:: MATERIAL PROVIDED ::

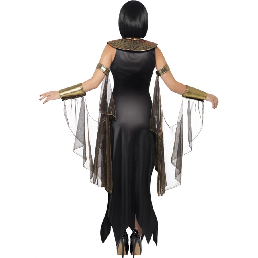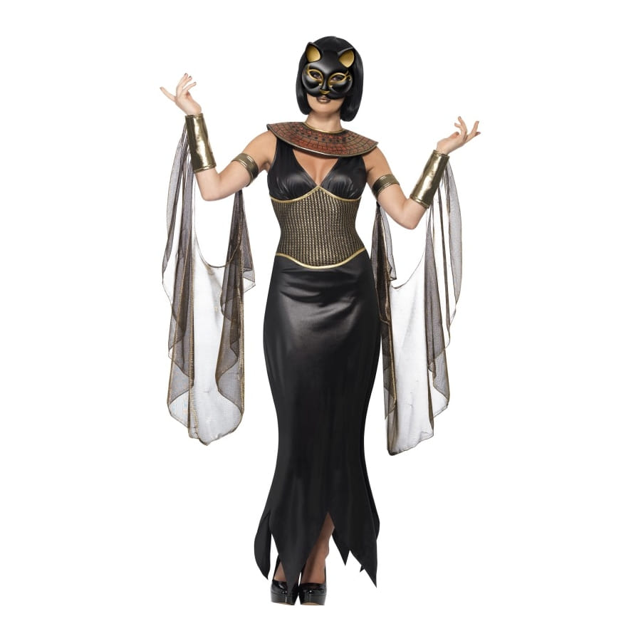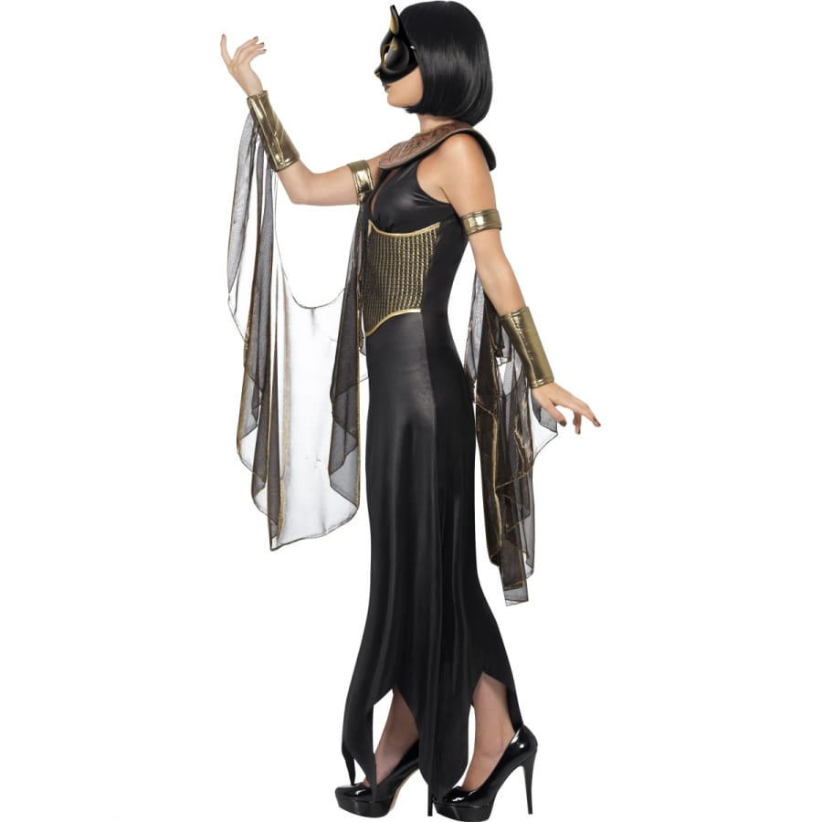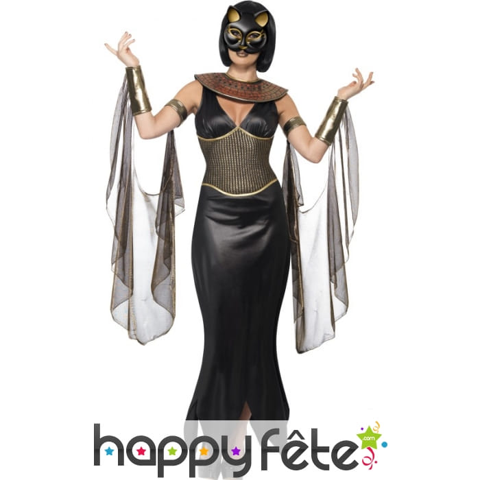 Si vous aimez la culture égyptienne, ce déguisement est fait pour vous. Plus que le déguisement d'une égyptienne ou même d'une reine d'Egypte, celui-ci les surpasse largement : la tenue de la déesse chat Bastet. Elle est composée d'une robe noire sur le fond, ornée d'une partie en or et bronze au milieu, d'un collier égyptien en or et bronze (faux), de manches drapées en voile et d'un masque identique à celui de la déesse, recouvrant votre visage et ne laissant apparaître que votre bouche. Il faut bien choisir le rouge à lèvres, nous vous en conseillerions un de couleur dorée. Des escarpins à talons noirs sont aussi de mise pour cette superbe tenue. Alors, qu'est-ce que ça fait de se glisser dans la peau d'une déesse? Les tailles disponibles sont : S correspondant à une robe de taille 36 à 38. M : robe de taille 40 à 42. et L se référant à une robe de taille 44 à 46.
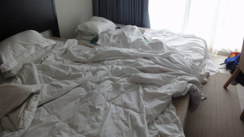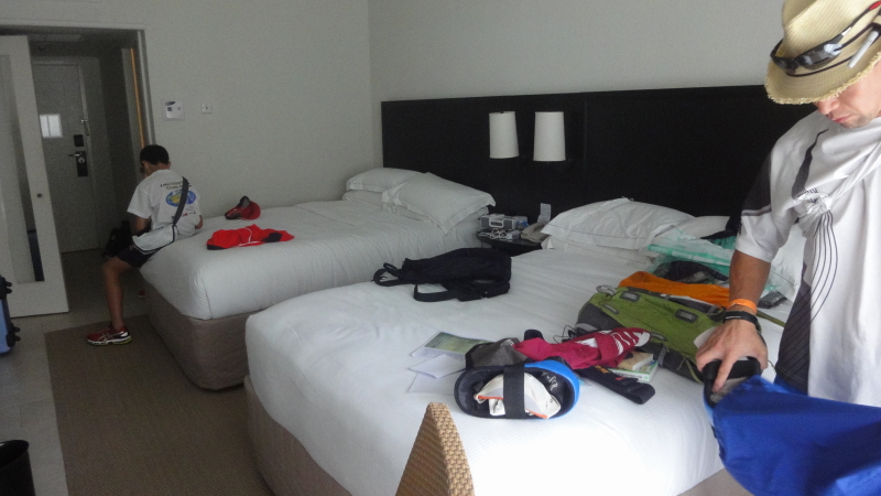 チェックインを済ませ謎のオレンジリストバンドを装着。今回は4人部屋での宿泊です。しかしベッドが2つしかありませんyo(;´∀`)しかし4人部屋で2つのベッドはアメリカワールドカップの時に経験済みです!こうすればいいのです! 上のマットを取り外して隣へ。固いマットの方が健康にはいいらしい……。という訳でこれで十分です。
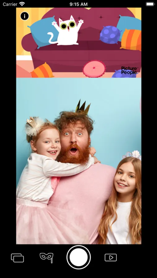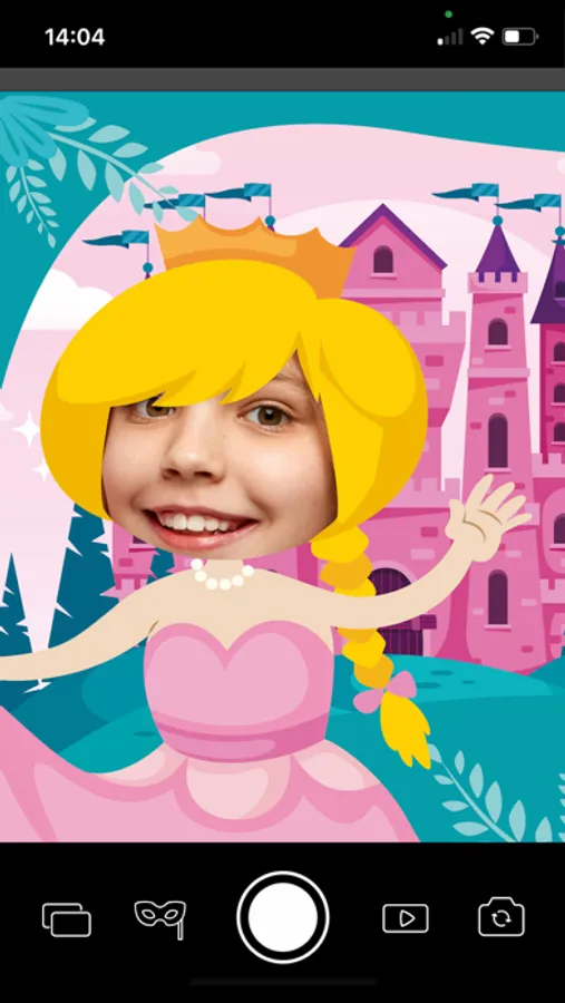 Due to integrated animation within the app, the PicturePeople Kids Cam holds the attention of your children – so that you can capture the moment and take the perfect selfie. But the Kids Cam can do even more. Let your kids be the photographer with your phone and discover unique point of views. Specially designed photo templates enable your children to slip into different characters and that way become a prince or princess for instance.
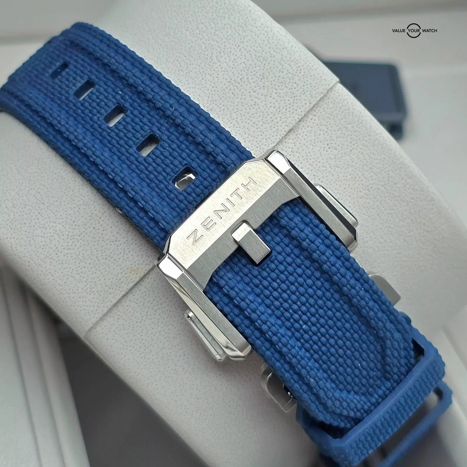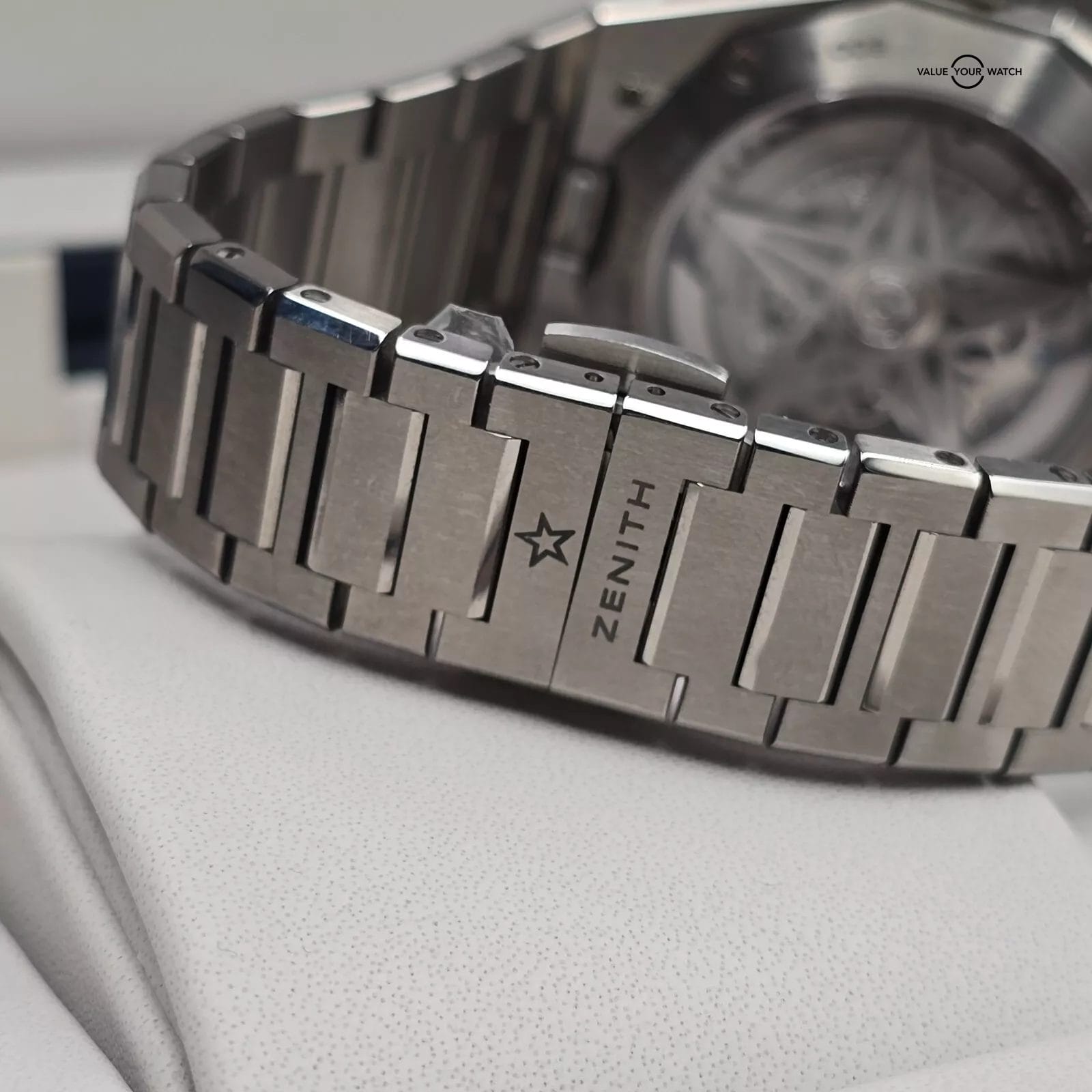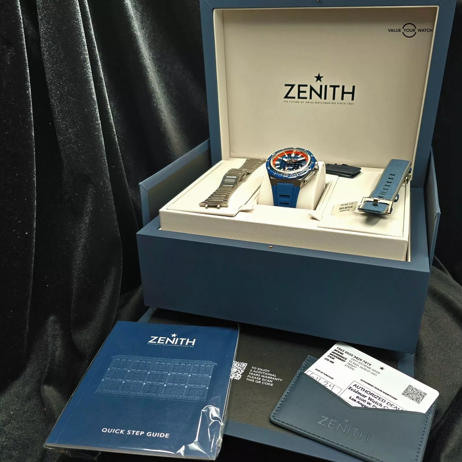 This watch is in Excellent condition, and if I didn’t just wear it around my house I’d say it looks to be unworn! Comes as a full set with the full titanium bracelet, rubber strap with dual fold clasp, and the Zenith Nato strap. This watch uses the quick release interchangeable strap system!
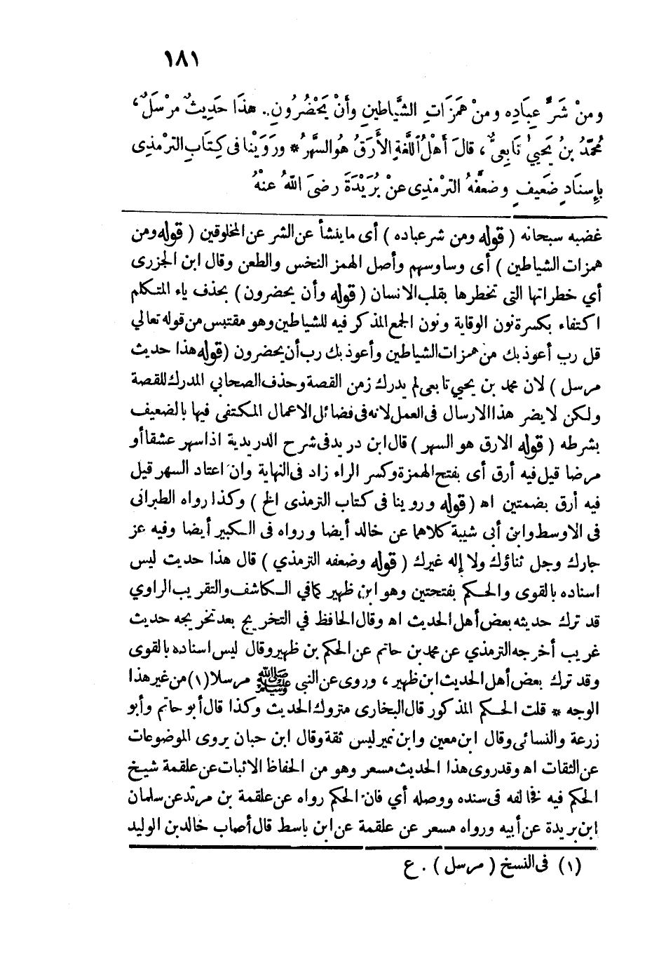 غضبه سبحانه. قوله: (ومنْ شَرّ عِبَادِه) أي ما ينشأ عن الشر عن المخلوقين. قوله: (ومنْ هَمَزَاتِ الشَّياطينِ) أي وساوسهم وأصل الهمز النخس والطعن وقال ابن الجزري أي خطراتها التي تخطرها بقلب الإنسان. قوله: (وأنْ يَحْضُرُونِ) بحذف ياء المتكلم اكتفاء بكسرة نون الوقاية ونون الجمع المذكر فيه للشياطين وهو مقتبس من قوله تعالى: ({وَقُلْ رَبِّ أَعُوذُ بِكَ مِنْ هَمَزَاتِ الشَّيَاطِينِ (97) وَأَعُوذُ بِكَ رَبِّ أَنْ يَحْضُرُونِ (98)} [المؤمنون: 97 - 98] وأعوذ بك رب أن يحضرون. قوله: (هذَا حَدِيث مرْسَل) لأن محمد ابن يحيى تابعي لم يدرك زمن القصة وحذف الصحابي المدرك للقصة ولكن لا يضر هذا الإرسال في العمل لأنه في فضائل الأعمال المكتفى فيها بالضعيف بشرطه. قوله: (الأَرَقُ هُو السَّهرُ) قال ابن دريد في شرح الدريدية إذا سهر عشقًا أو مرضًا قيل فيه أرق أي بفتح الهمزة وكسر الراء زاد في النهاية وإن اعتاد السهر قيل فيه أرق بضمتين اهـ.
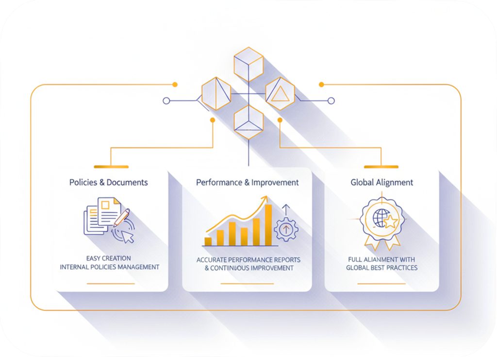حل شامل لتوثيق السياسات والإجراءات داخل المنشأة، يُعزّز مبدأ الشفافية والمساءلة، مما يُمكّن الإدارة من واتخاذ قرارات دقيقة مبنية على البيانات
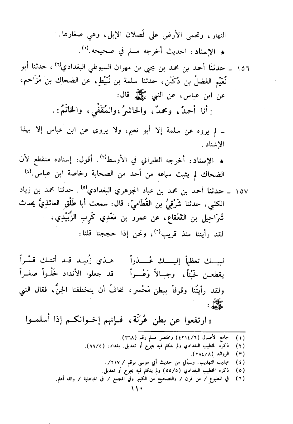 وَلَقَدْ رَأَيْتُنَا وُقُوفًا بِبَطْنِ مُحَسِّرٍ نَخَافُ أَنْ يَتَخَطَّفَنَا الْجِنَّ , فَقَالَ النَّبِيُّ صَلَّى اللهُ عَلَيْهِ وَسَلَّمَ: «§ارْتَفِعُوا عَنْ بَطْنِ عُرَنَةَ؛ فَإِنَّهُمْ إِخْوَانُكُمْ إِذَا أَسْلَمُوا» , وَعَلَّمَنَا التَّلْبِيَةَ: لَبَّيْكَ اللَّهُمَّ لَبَّيْكَ , لَبَّيْكَ لَا شَرِيكَ لَكَ لَبَّيْكَ , إِنَّ الْحَمْدَ وَالنِّعْمَةَ لَكَ وَالْمُلْكَ , لَا شَرِيكَ لَكَ"، لَمْ يَرْوِهِ عَنْ شَرَفِيٍّ إِلَّا مُحَمَّدُ بْنُ زِيَادٍ

:::

● **WORK INSTRUCTION**
Make an exact copy of the records from their first line through the line containing "This watch is", both ends included, with the pictures omitted.

● **TASK ANSWER**
 Si vous aimez la culture égyptienne, ce déguisement est fait pour vous. Plus que le déguisement d'une égyptienne ou même d'une reine d'Egypte, celui-ci les surpasse largement : la tenue de la déesse chat Bastet. Elle est composée d'une robe noire sur le fond, ornée d'une partie en or et bronze au milieu, d'un collier égyptien en or et bronze (faux), de manches drapées en voile et d'un masque identique à celui de la déesse, recouvrant votre visage et ne laissant apparaître que votre bouche. Il faut bien choisir le rouge à lèvres, nous vous en conseillerions un de couleur dorée. Des escarpins à talons noirs sont aussi de mise pour cette superbe tenue. Alors, qu'est-ce que ça fait de se glisser dans la peau d'une déesse? Les tailles disponibles sont : S correspondant à une robe de taille 36 à 38. M : robe de taille 40 à 42. et L se référant à une robe de taille 44 à 46.
 チェックインを済ませ謎のオレンジリストバンドを装着。今回は4人部屋での宿泊です。しかしベッドが2つしかありませんyo(;´∀`)しかし4人部屋で2つのベッドはアメリカワールドカップの時に経験済みです!こうすればいいのです! 上のマットを取り外して隣へ。固いマットの方が健康にはいいらしい……。という訳でこれで十分です。
 Due to integrated animation within the app, the PicturePeople Kids Cam holds the attention of your children – so that you can capture the moment and take the perfect selfie. But the Kids Cam can do even more. Let your kids be the photographer with your phone and discover unique point of views. Specially designed photo templates enable your children to slip into different characters and that way become a prince or princess for instance.
 This watch is in Excellent condition, and if I didn’t just wear it around my house I’d say it looks to be unworn! Comes as a full set with the full titanium bracelet, rubber strap with dual fold clasp, and the Zenith Nato strap. This watch uses the quick release interchangeable strap system!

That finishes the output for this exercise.